Our key-replacement procedure also handles cases where a particular key is compromised.

Without loss of generality, let $X_1$ be the host whose key <$P{K}_1^1$, $S{K}_1^1$> needs to be replaced. However, we wish to keep its identity $X_1$. Previously, we have used $r_1^1$ as the smallest integer such that $S{K}_1^1$ = $f(X_1+r_1^1)$ = d + $R(X_1+r_1^1)\left(modN\right)$ has a public-key component $P{K}_1^1$. Now, choose the next higher integer $r_1^2$ such that $S{K}_1^2$ = $f(X_1+r_1^2)$ = d + $R(X_1+r_1^2)\left(modN\right)$ has a public-key component $P{K}_1^2$.

Once new keys are found for $X_1$, the hash-polynomial is recomputed. The polynomial is securely communicated to all existing and active nodes, through the multicast tree architecture discussed in the following section. Whenever a decommissioned node uses its old keys to launch a replay attack, it may not able to communicate with the existing nodes, as existing nodes use its new keys.

Whenever a key is compromised, we follow a procedure similar to the “key revocation” algorithm to generate a new pair of keys.

Since our protocol involves strict admission control using multicast tree, any node with identity $X_i$ being suspended in connecting to the multicast service network can be enforced easily.

4. Core Based Multicast Tree

In networking terminology, multicasting is a group communication where data-transmission is addressed to a group of hosts, rather than to individuals. There are many multicast routing protocols available for IP networks, such as Core-based tree (CBT), Distance Vector Multicast Routing Protocol (DVMRP) and Protocol Independent Multicast (PIM). Each of these protocols has its own strengths and weaknesses.

The heart of a multicast protocol is the creation of a delivery tree (called multicast delivery tree) through which multicast data packets are delivered to end-hosts. DVMRP and PIM may create as many delivery trees as the number of senders. This architecture may be useful in one-to-many communications such as video broadcasting, but may not be efficient in many-to-many communications.

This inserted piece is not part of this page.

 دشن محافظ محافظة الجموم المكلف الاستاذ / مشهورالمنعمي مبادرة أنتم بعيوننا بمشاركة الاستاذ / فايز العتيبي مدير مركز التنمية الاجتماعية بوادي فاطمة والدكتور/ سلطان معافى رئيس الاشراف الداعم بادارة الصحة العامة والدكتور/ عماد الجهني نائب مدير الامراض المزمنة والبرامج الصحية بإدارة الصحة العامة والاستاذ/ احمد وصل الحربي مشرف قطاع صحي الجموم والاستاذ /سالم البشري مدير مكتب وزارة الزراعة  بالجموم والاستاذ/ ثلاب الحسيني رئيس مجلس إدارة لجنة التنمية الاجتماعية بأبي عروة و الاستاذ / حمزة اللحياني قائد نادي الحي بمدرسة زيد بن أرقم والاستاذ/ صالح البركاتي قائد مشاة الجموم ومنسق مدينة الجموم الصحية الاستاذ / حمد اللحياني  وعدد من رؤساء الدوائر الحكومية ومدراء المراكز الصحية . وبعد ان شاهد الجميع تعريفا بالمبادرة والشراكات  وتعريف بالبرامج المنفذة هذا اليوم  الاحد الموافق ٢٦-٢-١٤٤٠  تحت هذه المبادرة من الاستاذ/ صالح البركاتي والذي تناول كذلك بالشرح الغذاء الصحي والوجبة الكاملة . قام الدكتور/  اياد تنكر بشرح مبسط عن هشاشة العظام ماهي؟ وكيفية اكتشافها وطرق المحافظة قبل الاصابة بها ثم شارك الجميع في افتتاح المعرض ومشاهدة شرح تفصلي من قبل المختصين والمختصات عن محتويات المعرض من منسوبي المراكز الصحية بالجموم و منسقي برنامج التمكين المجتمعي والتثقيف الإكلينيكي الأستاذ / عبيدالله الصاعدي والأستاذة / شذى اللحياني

There are four variants of PIM [2] based on whether they are working on a dense or sparse mode. The two modes are used based on the size of the network in order to minimize the communication cost. They are: PIM Sparse Mode (PIM-SM), PIM Dense Mode (PIM-DM), Bidirectional PIM (Bidir-PIM) and PIM Source-Specific Multicast (PIM-SSM).

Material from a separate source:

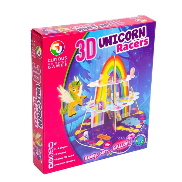 Curious Universe Games | 3D Race Unicorn Racers Board Game | 2 to 4 Players | Ages 5 Years and Above

Core-based tree was introduced by Ballardie et al. [12]. His main motivation for the work is to make IP multicast scalable. This is by constructing a tree of routers from one or more core nodes. The location of these core nodes is statically configured by the network administrator. Other routers in the network are added dynamically as new members join the multicast group.

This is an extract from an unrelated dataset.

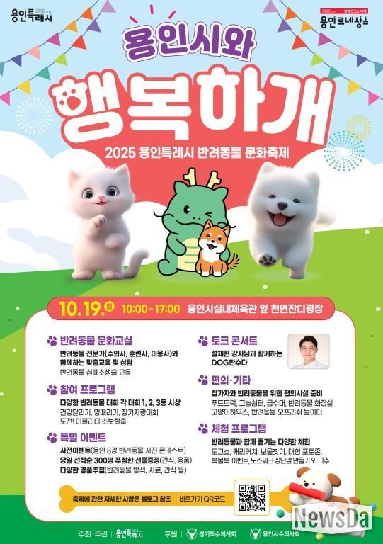 뉴스다 최광묵 기자 | 용인특례시는 지역 내 반려인들을 위한 문화축제 ‘2025 용인시와 행복하개’를 19일 용인시실내체육관 앞 천연잔디광장에서 개최한다고 13일 밝혔다.

In this paper, we considered CBT for the construction of our multicast tree due to its advantages over DVMRP and PIM. For each in a multicast group communication, DVMRP and PIM construct shortest-path trees or a combination of a shortest-path tree and a unidirectional shared tree. This requires the multicast tree routers to keep as much state-information as that of the number of senders. However, there is a single delivery tree in CBT, irrespective of the number of senders. Thus, there is a reduction of state information that needs to be maintained at each router.

In a dense network, shared tree may have some potential disadvantages. If every sender uses the same shared tree, then the traffic along the shared links could be heavy. This is not the case if separate trees are used by the sources. However, in our case, every network device needs to transmit to every other network devices in the multicast tree. Thus, shared tree is the most preferable one.

CBT is designed with the following objectives in mind: scalability, efficient bandwidth utilization, reduction of state information that needs to be maintained at each router. Since these parameters are very important to us, we use CBT as the underlying delivery tree creation algorithm. We modify the CBT algorithm to suit our environment.

While constructing CBT-delivery tree, we assume that switches in the network already formed a spanning-tree to avoid loops. The Spanning Tree Protocol (STP) prevents loops while still allowing for redundancy in a switched network. Details for STP can be found in the IEEE 802.1d, 802.1q, and 802.1s specifications [13]. STP-enabled switches communicate with each other to discover redundant paths in the network. This discovery results in a spanning-tree which defines a single path to a given destination and alternate paths in the event of a network outage or configuration change.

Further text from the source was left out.